● WHAT THIS TASK INVOLVES:
From the listing below, give again exactly the lines from the line with "Keywords: left view" to the line with "The Telegraph has", ends included, without any pictures.

● EXERCISE DATA:
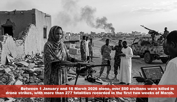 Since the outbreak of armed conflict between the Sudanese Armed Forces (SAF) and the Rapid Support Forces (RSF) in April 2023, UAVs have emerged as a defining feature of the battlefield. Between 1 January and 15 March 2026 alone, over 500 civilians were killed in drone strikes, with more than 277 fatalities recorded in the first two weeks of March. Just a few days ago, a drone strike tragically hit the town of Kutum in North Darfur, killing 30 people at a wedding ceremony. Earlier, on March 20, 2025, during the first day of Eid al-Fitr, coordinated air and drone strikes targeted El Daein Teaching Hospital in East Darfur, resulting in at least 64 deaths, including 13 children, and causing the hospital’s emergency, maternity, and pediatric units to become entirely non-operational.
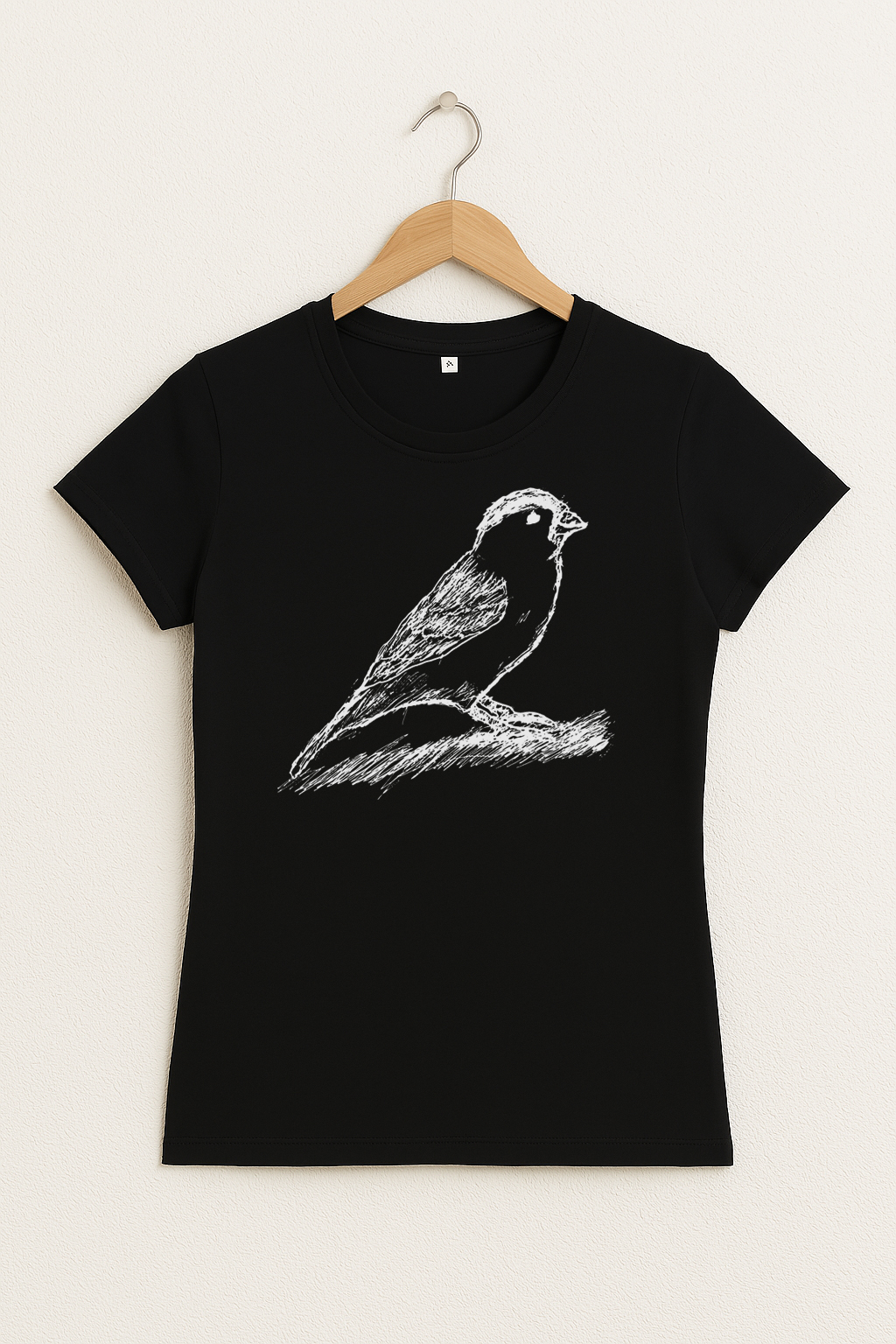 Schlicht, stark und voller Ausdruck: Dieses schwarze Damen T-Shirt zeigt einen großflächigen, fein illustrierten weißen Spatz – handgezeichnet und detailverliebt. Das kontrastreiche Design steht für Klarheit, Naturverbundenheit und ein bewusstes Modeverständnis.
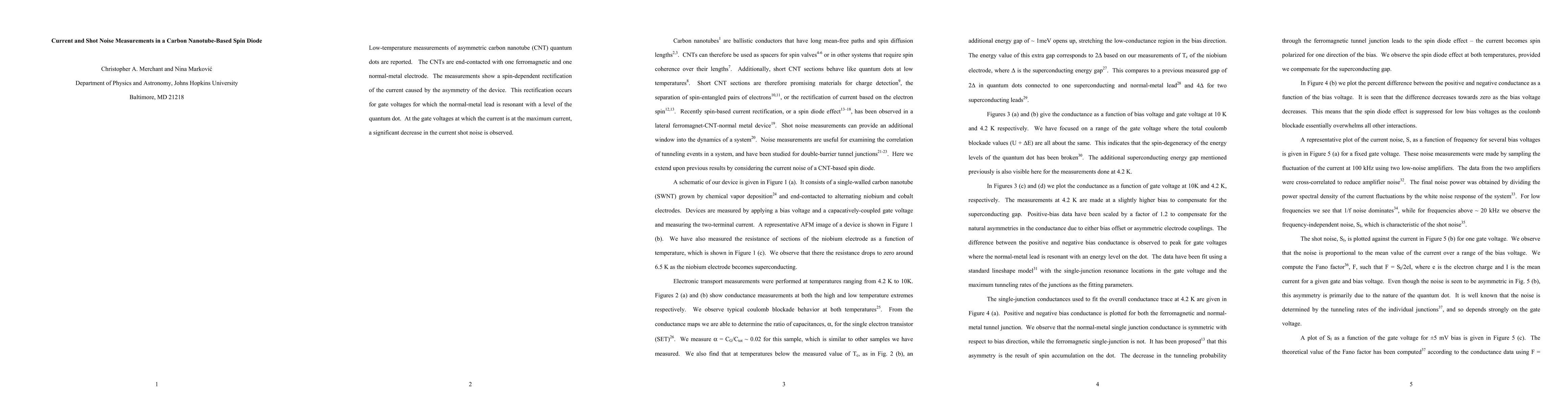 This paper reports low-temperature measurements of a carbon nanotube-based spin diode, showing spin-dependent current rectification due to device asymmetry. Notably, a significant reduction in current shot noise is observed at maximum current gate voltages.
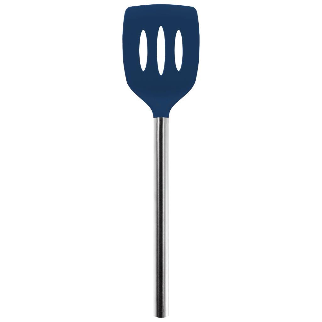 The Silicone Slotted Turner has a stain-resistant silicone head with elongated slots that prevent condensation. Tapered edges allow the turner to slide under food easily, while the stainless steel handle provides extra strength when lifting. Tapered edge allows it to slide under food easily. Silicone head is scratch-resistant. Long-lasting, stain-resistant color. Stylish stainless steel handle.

==

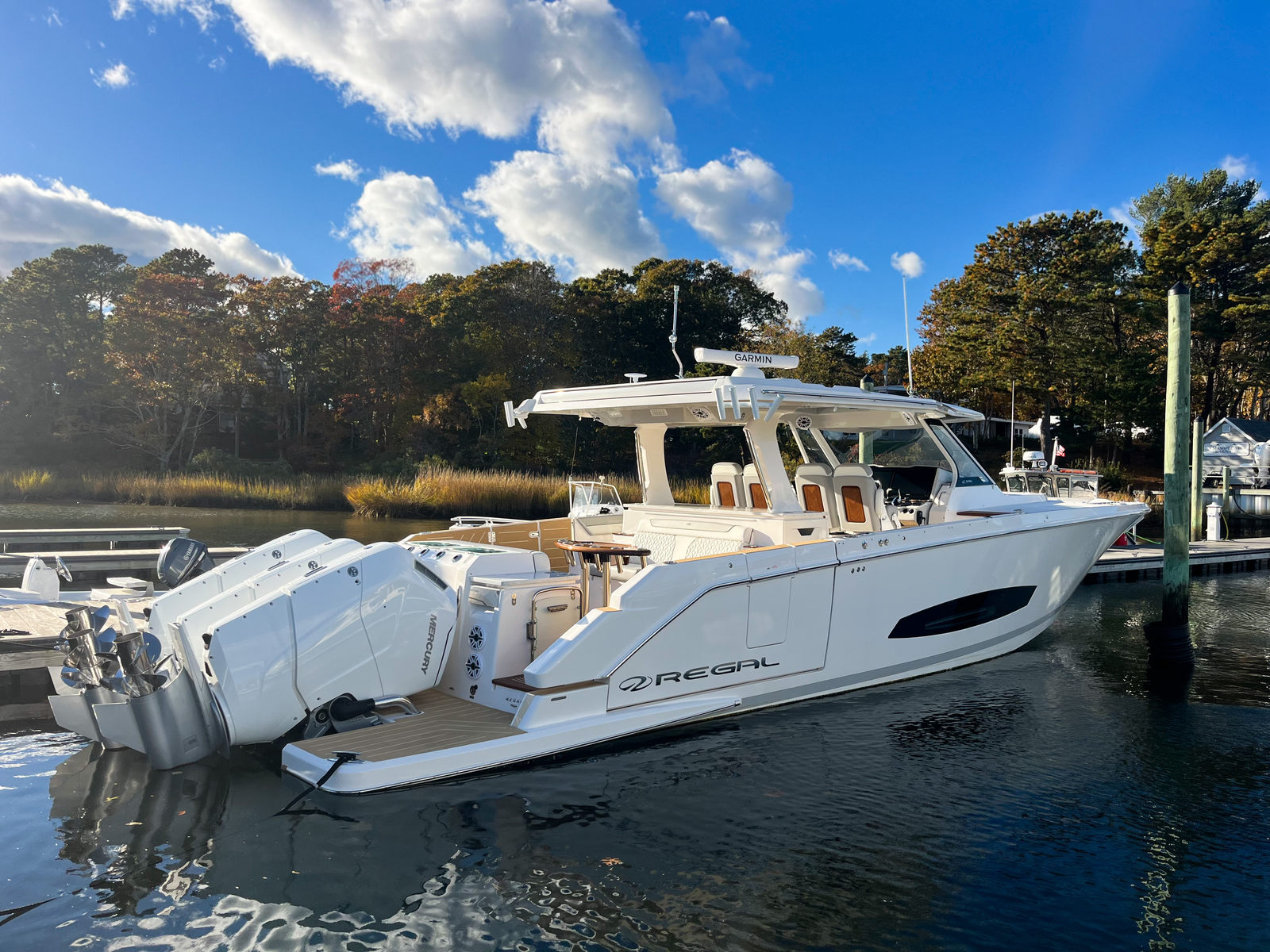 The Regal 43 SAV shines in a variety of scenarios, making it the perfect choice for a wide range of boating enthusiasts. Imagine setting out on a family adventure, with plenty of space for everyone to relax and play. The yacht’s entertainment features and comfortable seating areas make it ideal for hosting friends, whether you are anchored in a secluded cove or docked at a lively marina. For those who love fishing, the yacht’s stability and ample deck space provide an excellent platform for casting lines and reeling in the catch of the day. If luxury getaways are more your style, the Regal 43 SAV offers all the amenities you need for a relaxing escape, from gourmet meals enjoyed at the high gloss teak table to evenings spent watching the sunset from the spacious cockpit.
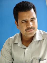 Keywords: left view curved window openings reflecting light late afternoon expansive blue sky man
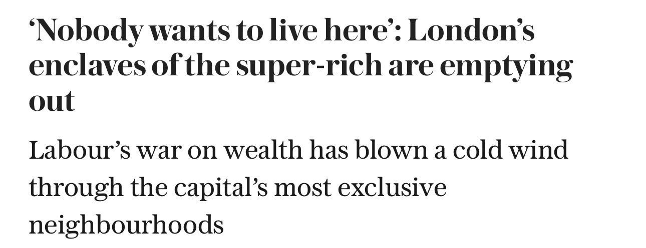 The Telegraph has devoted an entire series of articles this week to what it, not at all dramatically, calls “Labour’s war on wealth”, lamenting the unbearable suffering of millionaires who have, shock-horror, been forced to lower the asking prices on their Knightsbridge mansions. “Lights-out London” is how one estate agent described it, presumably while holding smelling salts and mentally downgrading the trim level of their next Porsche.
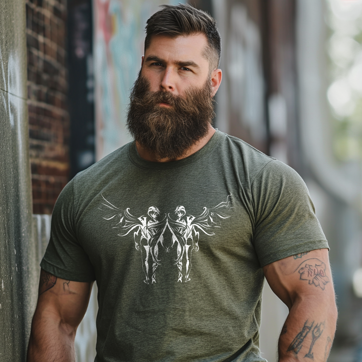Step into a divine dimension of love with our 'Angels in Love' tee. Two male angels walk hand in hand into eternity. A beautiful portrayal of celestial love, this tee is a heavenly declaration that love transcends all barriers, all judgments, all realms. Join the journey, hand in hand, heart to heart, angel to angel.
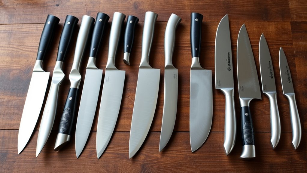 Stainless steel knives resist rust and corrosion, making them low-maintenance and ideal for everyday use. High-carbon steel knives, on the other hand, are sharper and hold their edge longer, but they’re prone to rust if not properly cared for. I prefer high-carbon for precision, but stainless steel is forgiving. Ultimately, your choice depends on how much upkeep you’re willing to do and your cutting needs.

---

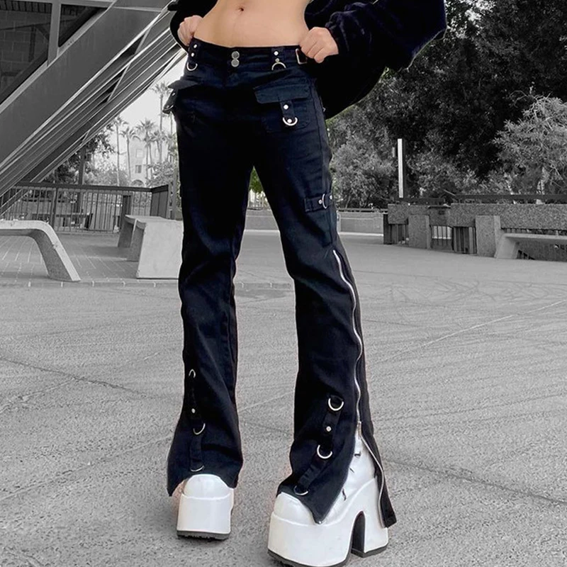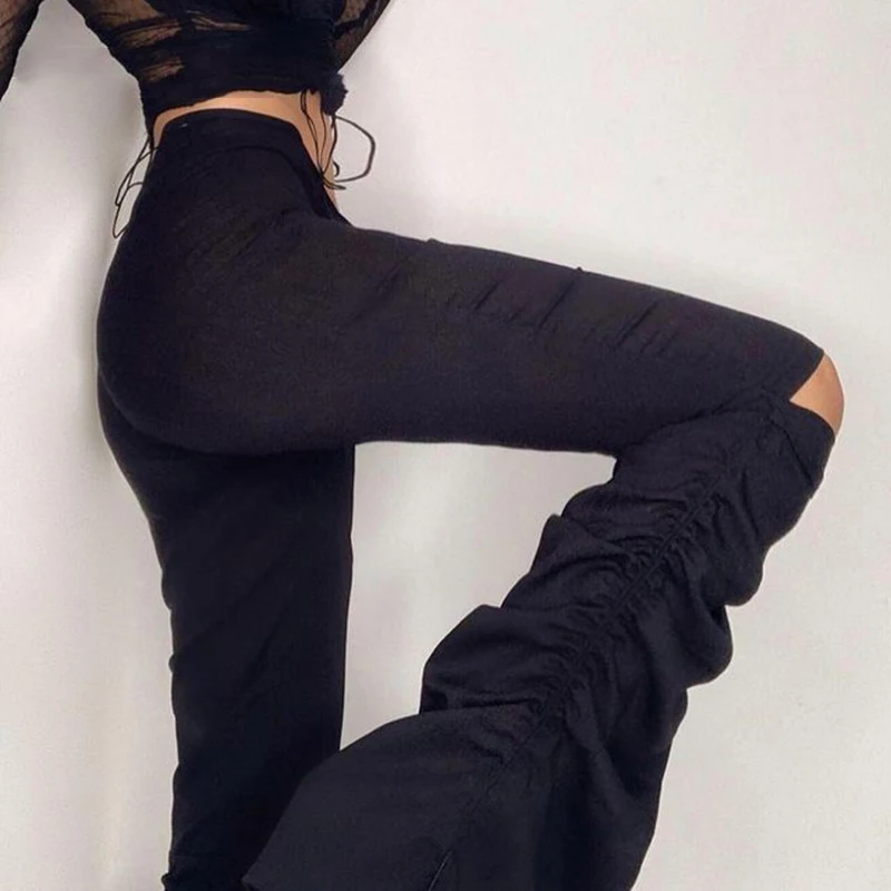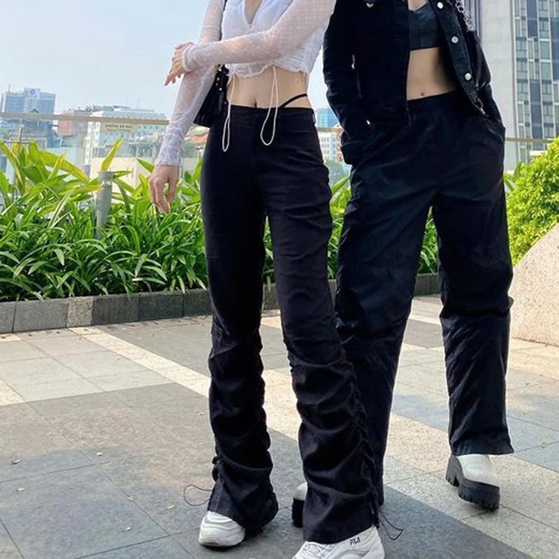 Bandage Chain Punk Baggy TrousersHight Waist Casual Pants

● WRITTEN ANSWER:
 Keywords: left view curved window openings reflecting light late afternoon expansive blue sky man
 The Telegraph has devoted an entire series of articles this week to what it, not at all dramatically, calls “Labour’s war on wealth”, lamenting the unbearable suffering of millionaires who have, shock-horror, been forced to lower the asking prices on their Knightsbridge mansions. “Lights-out London” is how one estate agent described it, presumably while holding smelling salts and mentally downgrading the trim level of their next Porsche.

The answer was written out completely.